§ WORK INSTRUCTION:
Output, verbatim and without pictures, the lines from the first line of the listing through the line containing "Step 5: Add".

§ EXCERPTED DATA:
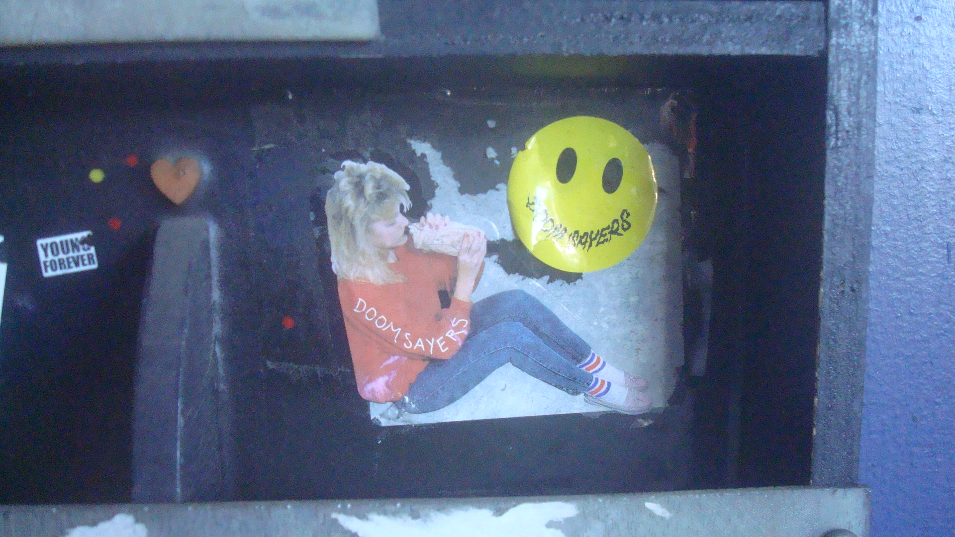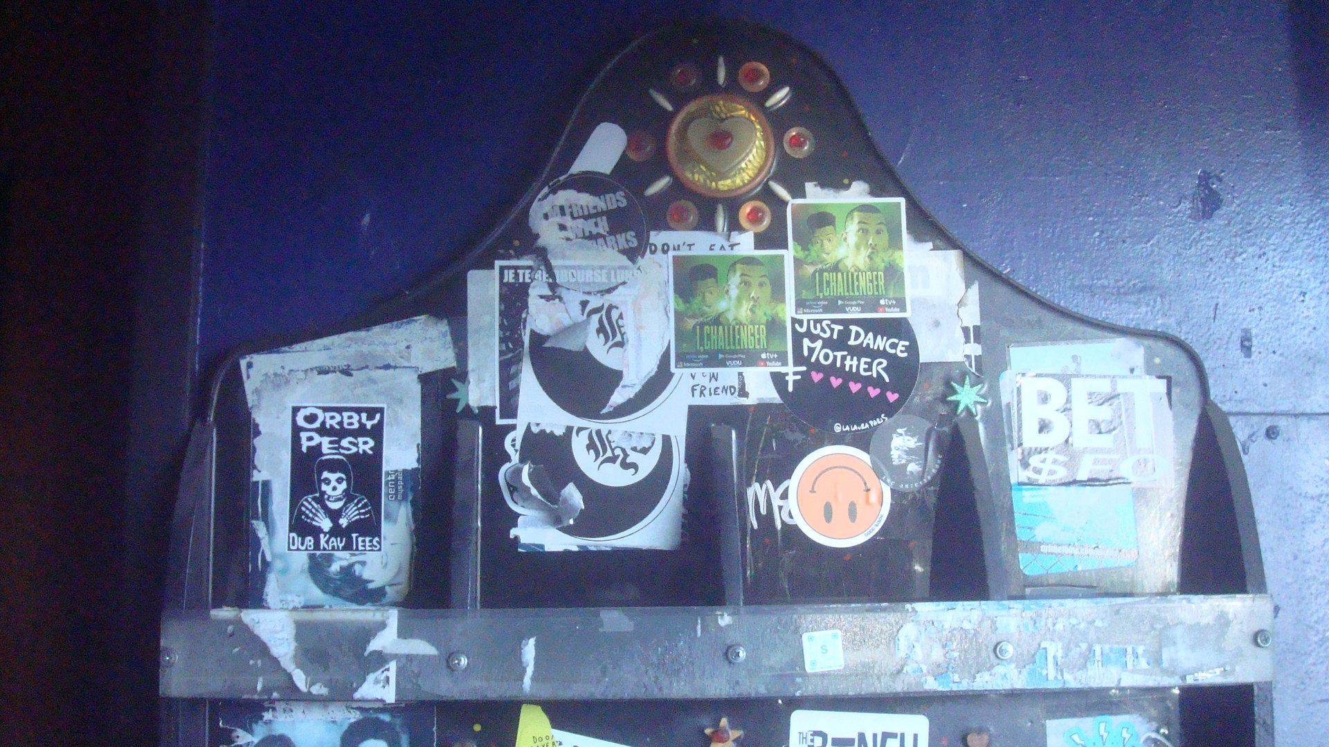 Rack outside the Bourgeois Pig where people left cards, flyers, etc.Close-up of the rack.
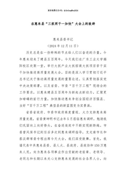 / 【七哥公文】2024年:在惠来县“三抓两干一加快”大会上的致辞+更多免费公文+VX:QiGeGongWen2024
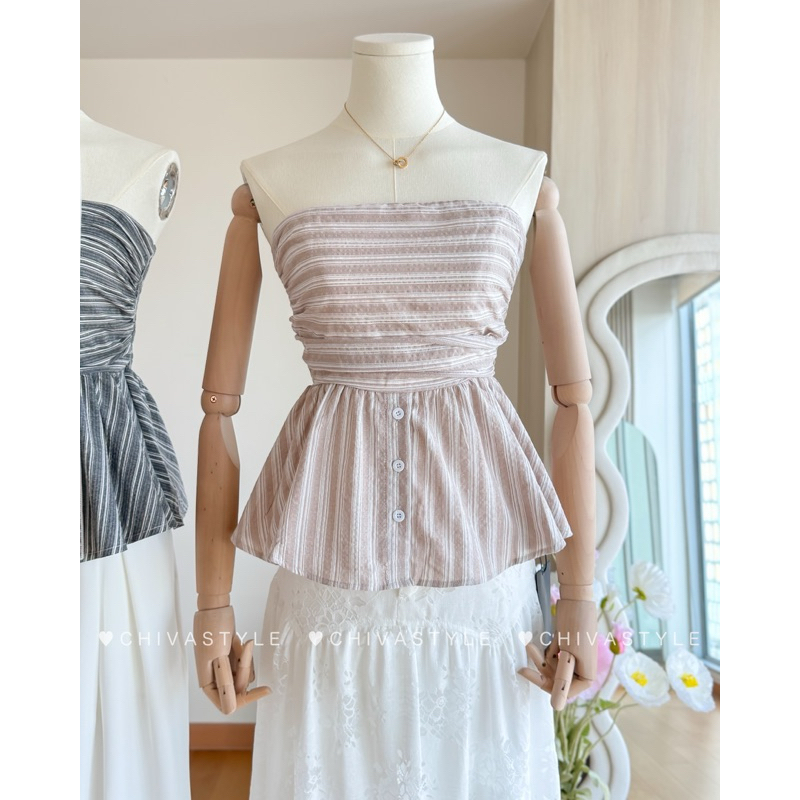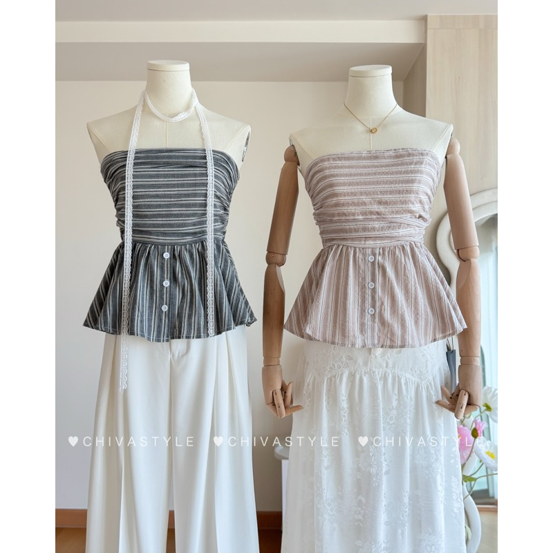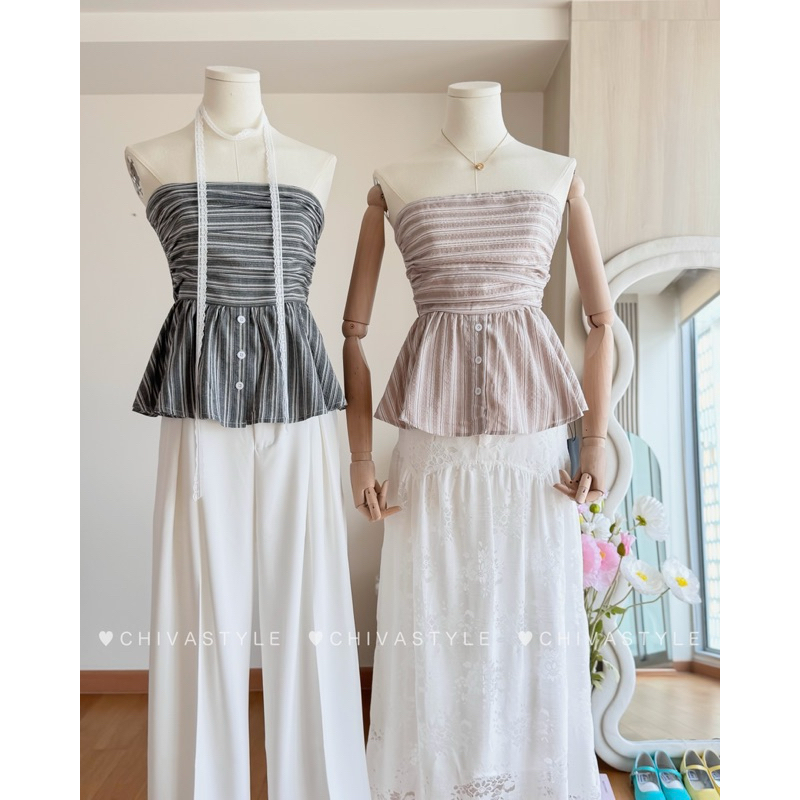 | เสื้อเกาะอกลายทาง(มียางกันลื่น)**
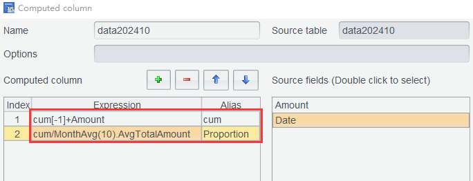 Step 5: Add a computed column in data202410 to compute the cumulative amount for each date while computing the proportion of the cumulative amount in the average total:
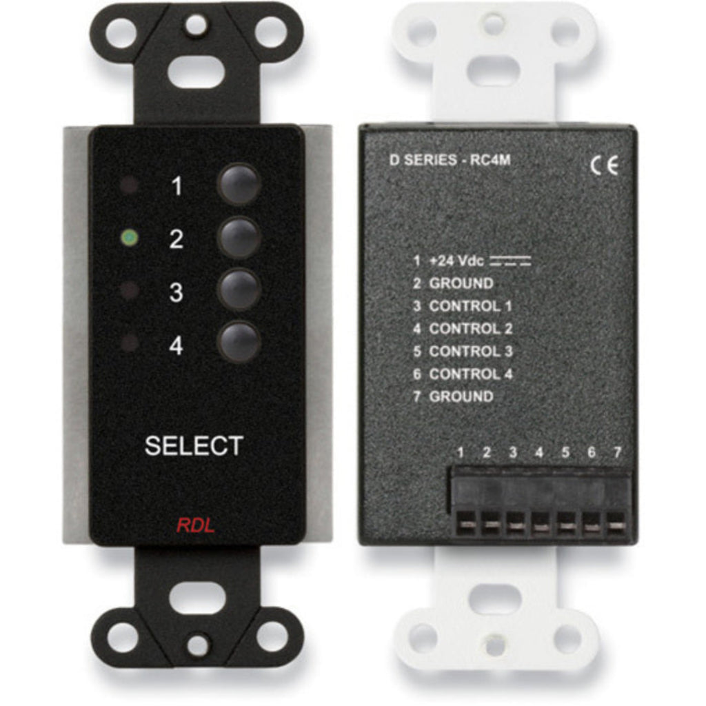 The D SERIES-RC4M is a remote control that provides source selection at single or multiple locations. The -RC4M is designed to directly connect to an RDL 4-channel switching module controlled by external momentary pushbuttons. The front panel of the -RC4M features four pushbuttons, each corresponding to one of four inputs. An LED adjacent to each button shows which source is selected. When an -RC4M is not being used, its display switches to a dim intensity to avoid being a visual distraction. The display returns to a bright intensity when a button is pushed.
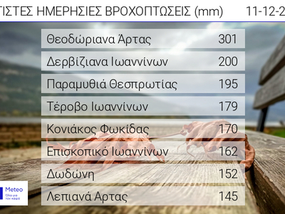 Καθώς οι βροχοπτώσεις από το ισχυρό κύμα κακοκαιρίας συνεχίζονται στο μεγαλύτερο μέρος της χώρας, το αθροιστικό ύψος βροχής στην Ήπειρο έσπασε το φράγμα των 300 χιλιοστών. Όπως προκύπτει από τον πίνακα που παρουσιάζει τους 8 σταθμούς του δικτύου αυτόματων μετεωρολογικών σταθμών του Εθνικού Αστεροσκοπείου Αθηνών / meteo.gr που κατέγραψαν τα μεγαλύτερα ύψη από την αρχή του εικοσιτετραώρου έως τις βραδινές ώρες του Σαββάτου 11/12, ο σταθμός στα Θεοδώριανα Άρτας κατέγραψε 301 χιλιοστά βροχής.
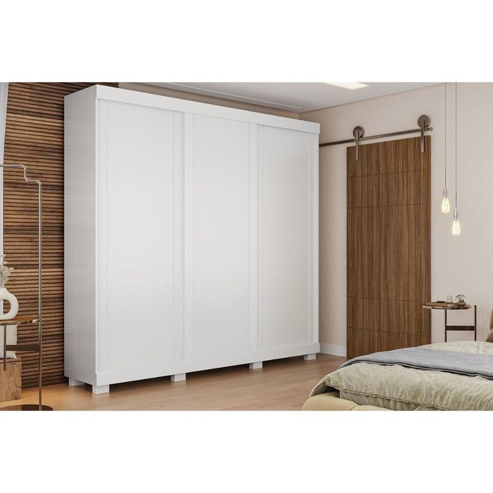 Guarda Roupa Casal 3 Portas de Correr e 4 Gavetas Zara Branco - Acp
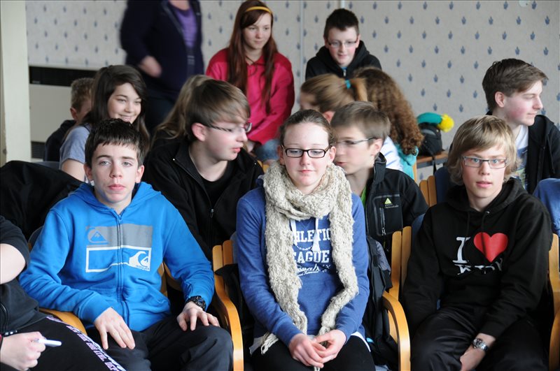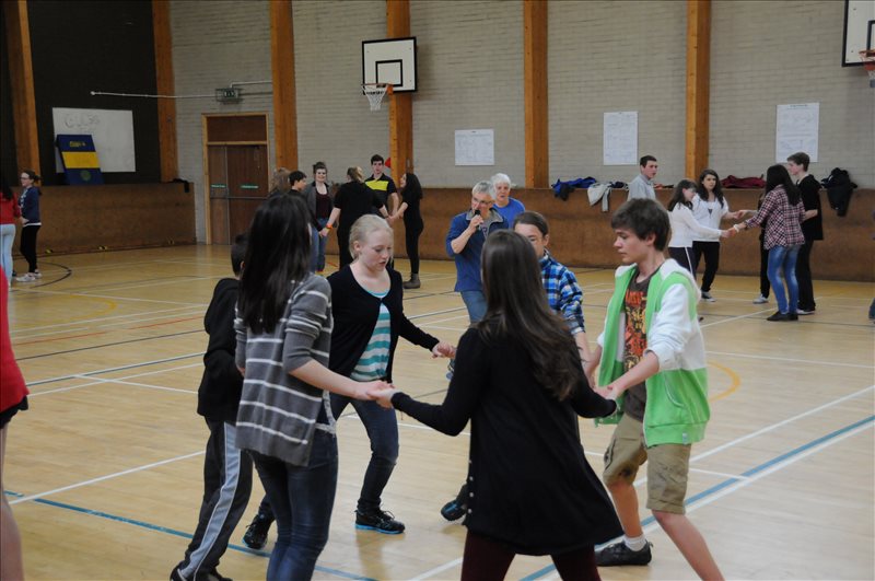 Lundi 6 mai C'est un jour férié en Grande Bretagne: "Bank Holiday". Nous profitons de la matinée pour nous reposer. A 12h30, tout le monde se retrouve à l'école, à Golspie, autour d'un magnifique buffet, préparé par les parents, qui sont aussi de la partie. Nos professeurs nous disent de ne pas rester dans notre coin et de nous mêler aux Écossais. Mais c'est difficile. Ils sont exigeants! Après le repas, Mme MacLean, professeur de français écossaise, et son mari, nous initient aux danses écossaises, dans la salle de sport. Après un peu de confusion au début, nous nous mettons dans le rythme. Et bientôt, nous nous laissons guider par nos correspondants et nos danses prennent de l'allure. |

§ THE COMPLETED TASK:
 Rack outside the Bourgeois Pig where people left cards, flyers, etc.Close-up of the rack.
 / 【七哥公文】2024年:在惠来县“三抓两干一加快”大会上的致辞+更多免费公文+VX:QiGeGongWen2024
 | เสื้อเกาะอกลายทาง(มียางกันลื่น)**
 Step 5: Add a computed column in data202410 to compute the cumulative amount for each date while computing the proportion of the cumulative amount in the average total:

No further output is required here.